Thrombosis formation is based on Virchow’s triad of vascular endothelial damage, blood flow stasis, and blood hypercoagulability. In patients with venous thromboembolism (VTE), prothrombotic states play an important pathophysiological role. They are the consequence of acquired or genetic thrombophilia, or of disorders with activated coagulation or inflammation systems. Elevated levels of tissue factor (TF) carrying cell-derived microvesicles contribute to the prothrombotic state. Patients with activated inflammatory or apoptotic systems have an increased risk for VTE. Most recognised VTE risk factors are associated with a prothrombotic state. Risk factor assessment of hospitalised patients aims at identifying patients at high risk for VTE, because thromboprophylactic interventions effectively and safely prevent VTE. Specific clinical settings are associated with an increased risk for VTE, such as prior thrombosis, long distance travel, oral contraceptives, and hormone replacement therapy.

Zusammenfassung

Die venöse Thrombusformation basiert auf dem Virchow-Trias des vaskulären Endothelschadens, der Blutfluss-Stase und der Hyperkoagulabilität. Bei Patienten mit einer venösen Thromboembolie spielt der prothrombotische Zustand eine herausragende pathophysiologische Rolle. Er ist häufig die Konsequenz einer genetischen oder erworbenen Thrombophilie oder von Erkrankungen mit einer aktivierten Gerinnungsoder Entzündungskaskade. Die erhöhte Präsenz «tissue factor» (gewebethromboplastin)-tragender Mikropartikel im zirkulierenden Blut scheint zu diesem prothrombotischen Zustand beizutragen. So haben Patienten mit einem aktivierten Entzündungssystem ein erhöhtes venöses Thromboembolie-Risiko. Auch sind die meisten nachgewiesenen klinischen Risikofaktoren mit einem prothrombotischen Zustand vergesellschaftet. Die Identifizierung individueller Risikofaktoren bei hospitalisierten Patienten ist unerlässlich, da thromboprophylaktische Massnahmen wirksam sind und sicher die venöse Thromboembolie verhindern können. Zudem sind spezifische klinische Szenarien mit einem erhöhten Thromboembolie-Risiko verbunden, wie etwa lange Flugreisen, die Einnahme oraler Kontrazeptiva oder die Hormon-Substitutionstherapie.
Key words: Prävention; venöse Thromboembolie; Risikofaktor-Identifikation

Introduction

Assessment of individual risk factors (RF) for venous thromboembolism (VTE) is not only important for diagnosing VTE [1] but it helps selecting patients who benefit from VTE prophylaxis. For hospitalised patients undergoing orthopedic and general surgery, RF assessment and thromboprophylaxis have been defined and recommended on an evidencebased ground [2]. There is less evidence for acutely ill medical patients, a more heterogeneous target group, and different approaches to VTE prophylaxis have been proposed. In this chapter, the contribution of various risk factors to the process of thrombosis formation are reviewed, and widely adopted RF assessment strategies for surgical and medical patients are summarised. The clinical relevance of congenital and acquired thrombophilia, as well as their screening indications are discussed. Recurrent VTE, prolonged air travel, oral contraceptives, and hormone replacement therapy will also be summarised.
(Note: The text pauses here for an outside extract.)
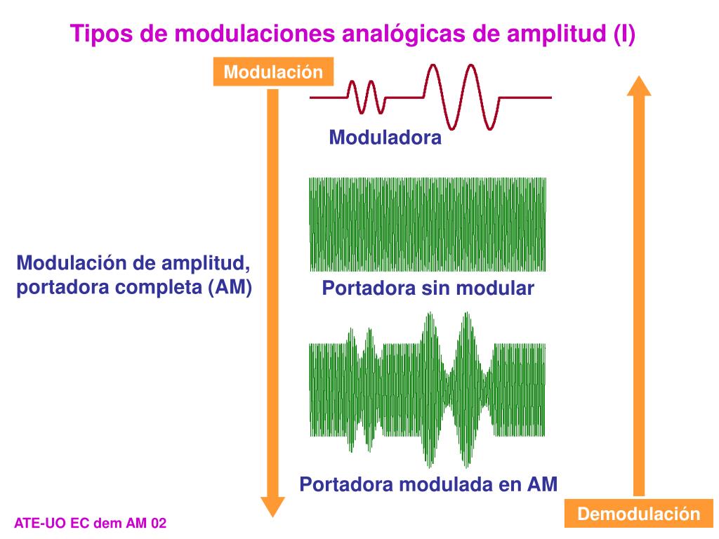 Modulación Moduladora Portadora sin modular Portadora modulada en AM Demodulación Tipos de modulaciones analógicas de amplitud (I) Modulación de amplitud, portadora completa (AM) ATE-UO EC dem AM 02

Pathophysiological influence of risk factors on the occurrence of VTE

Traditionally, the occurrence of VTE is explained by Virchow’s triad which includes three conditions for the formation of thrombosis (Figure 1) [3]. Blood flow stasis is caused by ectatic venous diameters with valve incompetence as in chronic venous insufficiency or due to systemic right heart insufficiency. Vascular endothelial damage occurs after a previous thrombosis or thrombophlebitis. Blood hypercoagulability is caused by genetic or acquired thrombophilia, chronically activated states of coagulation, inflammation or infection, cell apoptosis, and cancerinduced tissue factor release [4]. In contrast to arterial thrombosis, venous thrombosis rarely occurs at sites of vascular endothelial injury; more frequently, it is triggered by activation of the coagulation system with subsequent fibrin deposition or platelet activation. Venous thrombi mostly consist of fibrin with entrapped erythrocytes and only few thrombocytes [5]. This might be the reason, why platelet inhibitors are less effective in preventing venous thrombosis than anticoagulant drugs.
In recent years, the concept of hypercoagulability has been supported by the identification of two clinically relevant factors: (1.) acquired and genetic deficiencies of various coagulation and lysis glycoproteins [6,7,8,9,10,11], and (2.) by the detection of procoagulant circulating cell-derived microparticles (MP) carrying tissue factor (TF) and other coagulation proteins [12,13,14]. TF as a transmembrane molecule forms a complex with coagulation factor VIIa and activates the extrinsic coagulation system. It is expressed in adventitial cells and inhibits bleeding from the damaged endothelium [15]. It is usually not released into the circulation, but it is expressed by activated endothelial cells following denudation of the vascular endothelial layer [16]. When TF is present in circulating blood, it occurs in two forms: (1.) a soluble shed part [17], and (2.) bound to the surface of MPs derived from thrombocytes, monocytes, macrophages, leukocytes, and endothelial cells. Elevated levels of soluble TF and TF-carrying MPs have been assessed in patients with sepsis, cancer and diseases with an activated inflammatory status [18,19,20,21].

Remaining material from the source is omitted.